Problem description:
Transcribe every line of the material below without change, apart from dropping the pictures.
-- Recorded information follows --
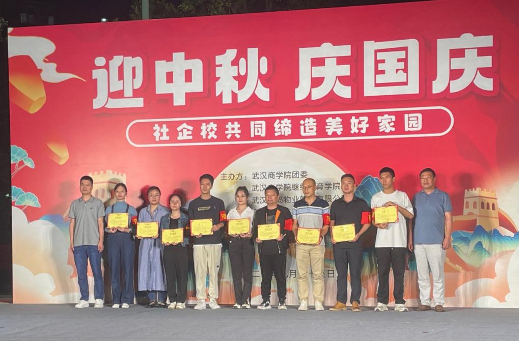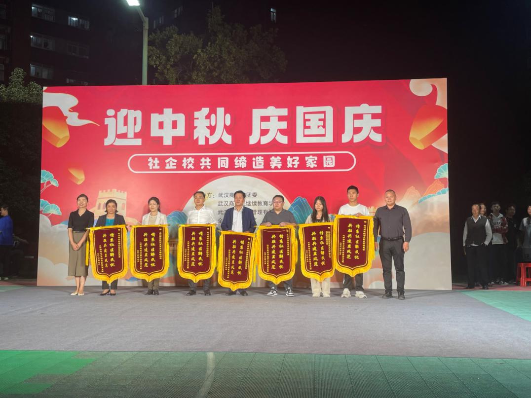 2023年9月25日,武汉经济技术开发区沌阳街全力北职工社区举行迎中秋、庆国庆文艺表演暨表彰大会,武汉商学院信息工程党委获评社区共建工作“组织先进集体”并授锦旗,宋云清 、姜攀两位同志被授予“最美下沉党员”荣誉称号。到会党员干部一同观看了精彩纷呈的“迎中秋、庆国庆”文艺表演,与社区党总支进一步加深了合作交流。
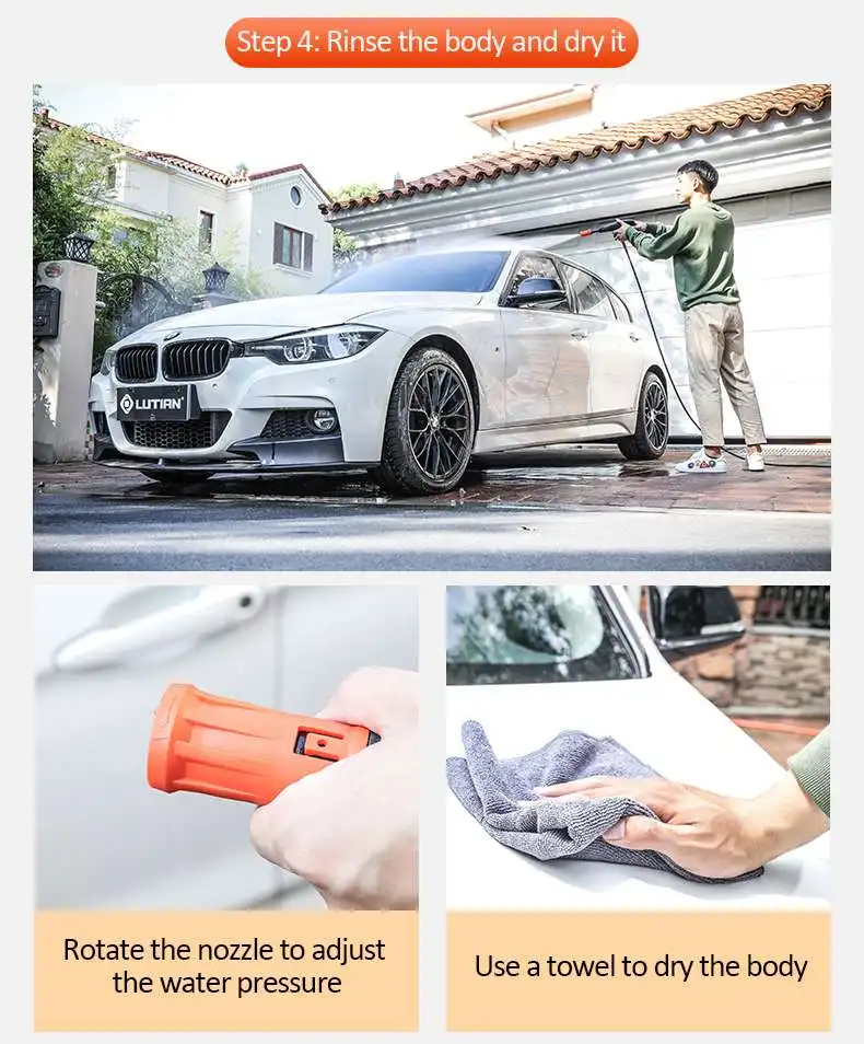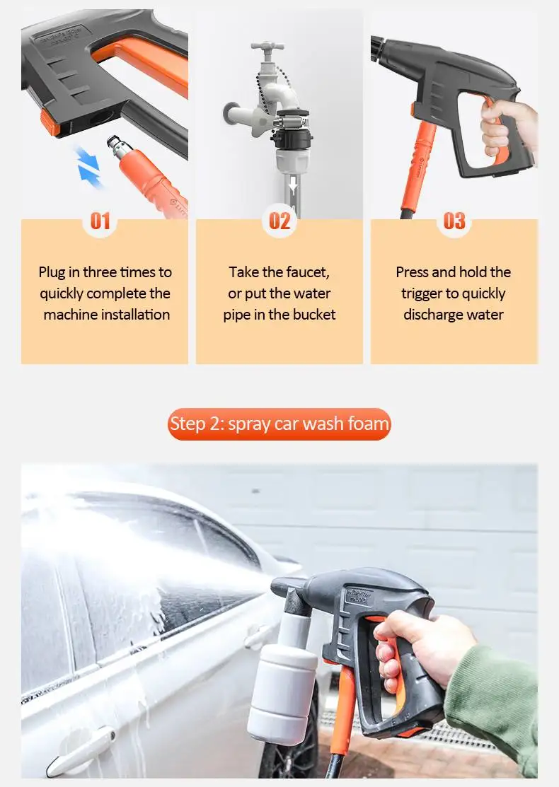 Благодаря наличию воздуха в водовпускной трубе и внутренних компонентов машины, с целью уменьшения времени холостого хода машины и продления срока службы двигателя, операция такова: после установки впускной и выпускной трубы/ручки ружья в сборе, Автоматическое вытяжное устройство на внутренней крышке насоса машины будет активировано. Небольшое количество воды может протечь со дна машины, что нормально. Машина автоматически останавливается, то есть процесс выхлопной трубы завершается, обычно 5-10 секунд; Если подача воды недостаточна или впускная труба воды поднимается на поверхность, из-за попадания воздуха выпускной клапан снова начнет быстро выпускать воздух.
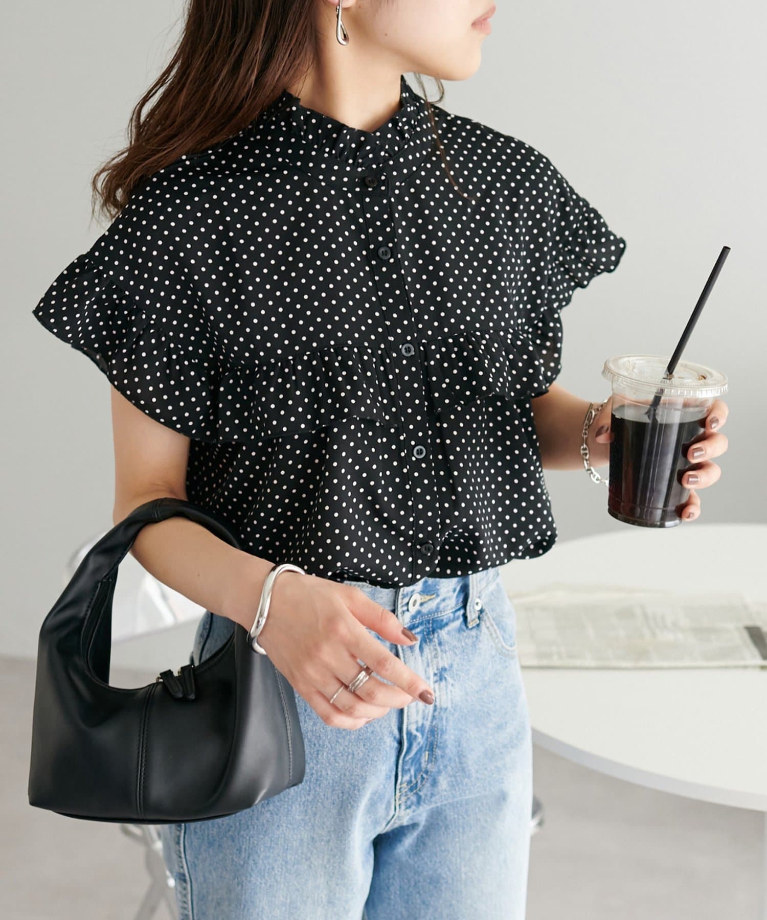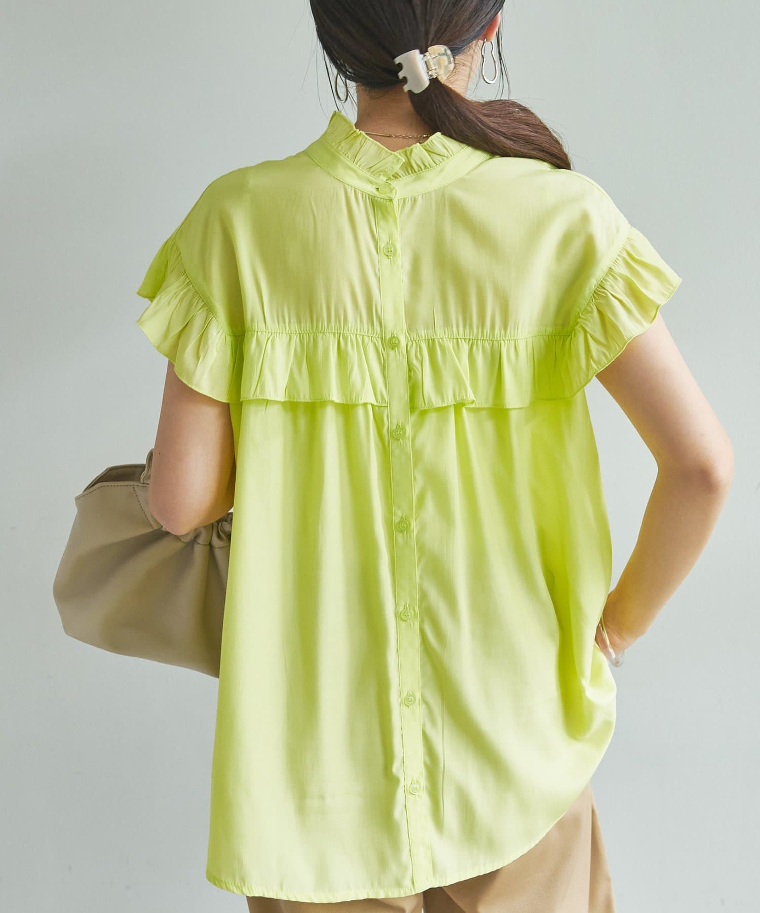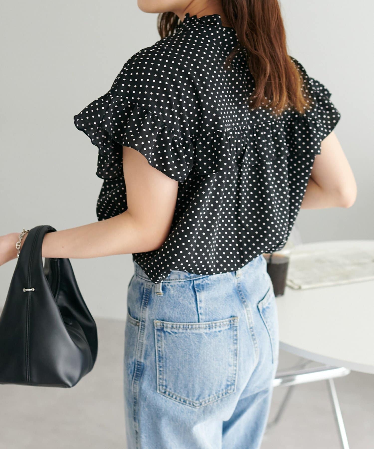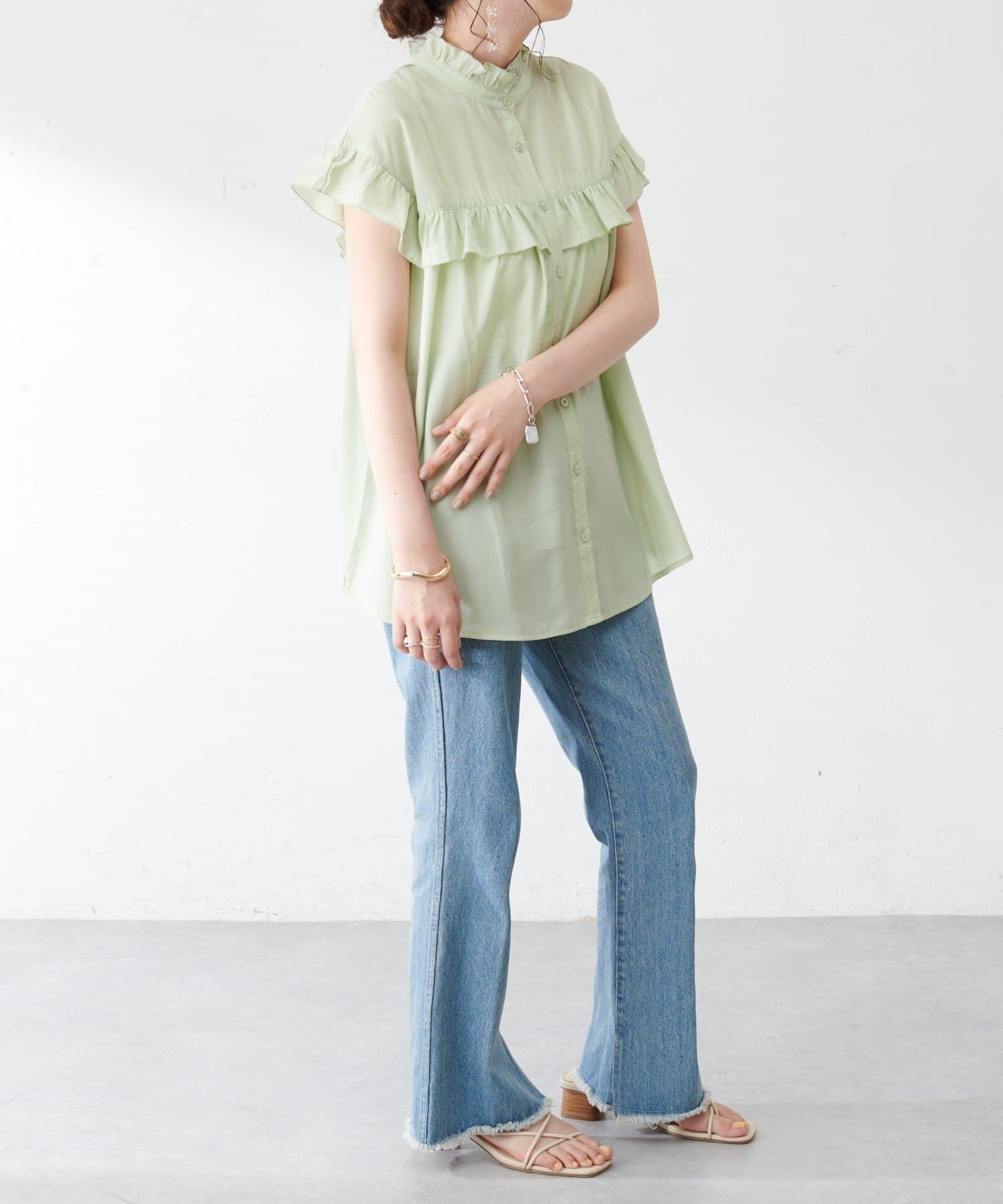 ・フェミニンなフリルをスタンドカラーのネックラインや、袖口、胸元にあしらったデザイン
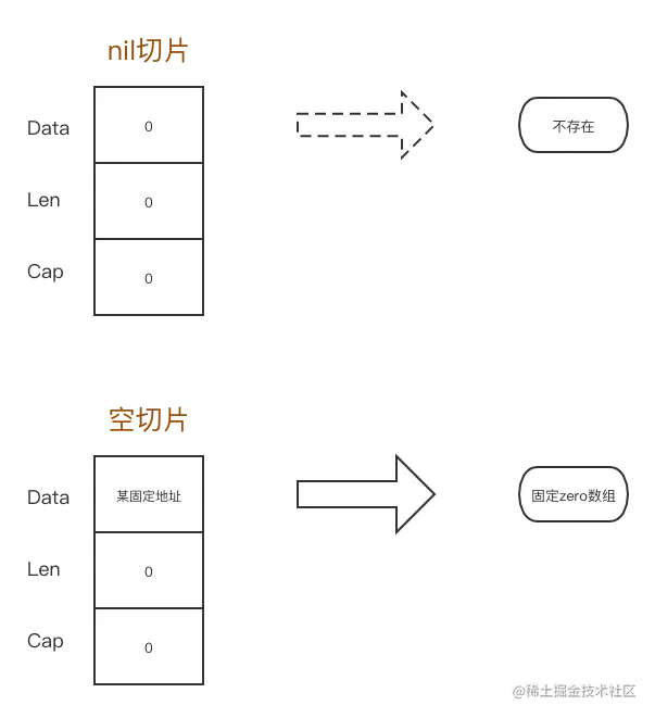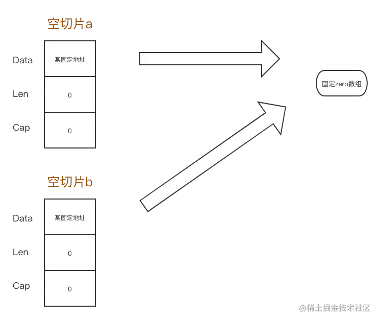 - 空切片的引用数组指针地址是有的,且固定为一个值
-- Recorded information concluded --
Written reply:
 2023年9月25日,武汉经济技术开发区沌阳街全力北职工社区举行迎中秋、庆国庆文艺表演暨表彰大会,武汉商学院信息工程党委获评社区共建工作“组织先进集体”并授锦旗,宋云清 、姜攀两位同志被授予“最美下沉党员”荣誉称号。到会党员干部一同观看了精彩纷呈的“迎中秋、庆国庆”文艺表演,与社区党总支进一步加深了合作交流。
 Благодаря наличию воздуха в водовпускной трубе и внутренних компонентов машины, с целью уменьшения времени холостого хода машины и продления срока службы двигателя, операция такова: после установки впускной и выпускной трубы/ручки ружья в сборе, Автоматическое вытяжное устройство на внутренней крышке насоса машины будет активировано. Небольшое количество воды может протечь со дна машины, что нормально. Машина автоматически останавливается, то есть процесс выхлопной трубы завершается, обычно 5-10 секунд; Если подача воды недостаточна или впускная труба воды поднимается на поверхность, из-за попадания воздуха выпускной клапан снова начнет быстро выпускать воздух.
 ・フェミニンなフリルをスタンドカラーのネックラインや、袖口、胸元にあしらったデザイン
 - 空切片的引用数组指针地址是有的,且固定为一个值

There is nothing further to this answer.